Shelby Foote used an Esterbrook dip pen, as he mentioned in his Paris Review interview.

I believe Hemingway mentioned he used pencil for drafts on onionskin, and he would be standing up while writing.

Kerouac wrote with pencil a lot, despite the typewriter myth and the no revision myth. I believe at the New York Public Library display of his works I saw a couple of years ago they mentioned he used an Eversharp mechanical pencil, and he was famous for his breast pocket notebooks. I believe some of the novels were engendered in these breast pocket notebooks, as was his "Sketchbooks," if you have seen that book, in which they maintained the line breaks from his small notebooks. They had many many pencil manuscripts at the exhibit. I think there were a few in pen as well.

W.S Merwin says he uses a Waterman. I think Gary Snyder does as well.

I noticed in a few of the Philip Roth novels I read this past summer he mentions Parker 51s. I wonder if he is a fan.

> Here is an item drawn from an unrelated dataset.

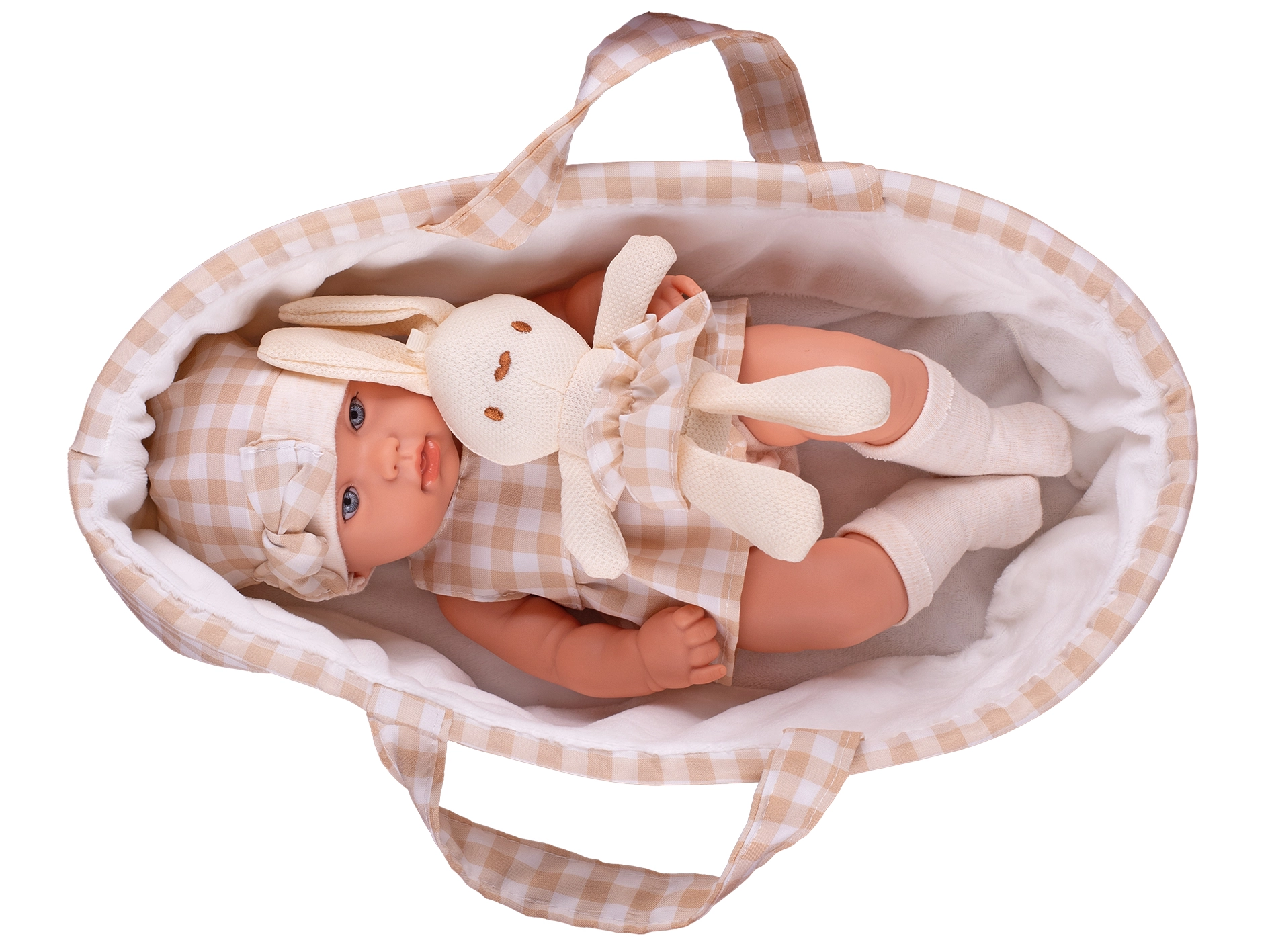 - Complete set: doll, carrier, and plush bunny in matching beige shades.

I also saw a Vladimir Nabokov display at the NYPL and they had his pen, which looked like a Montblanc 149, though he also famously used pencil to write his novels on index cards. I think he used Blackwings.

Steinbeck said he loved Blackwing pencils also, but thought they were devilishly expensive.

I think Virginia Woolf in her diary makes mention of getting a newfangled fountain pen, a Waterman?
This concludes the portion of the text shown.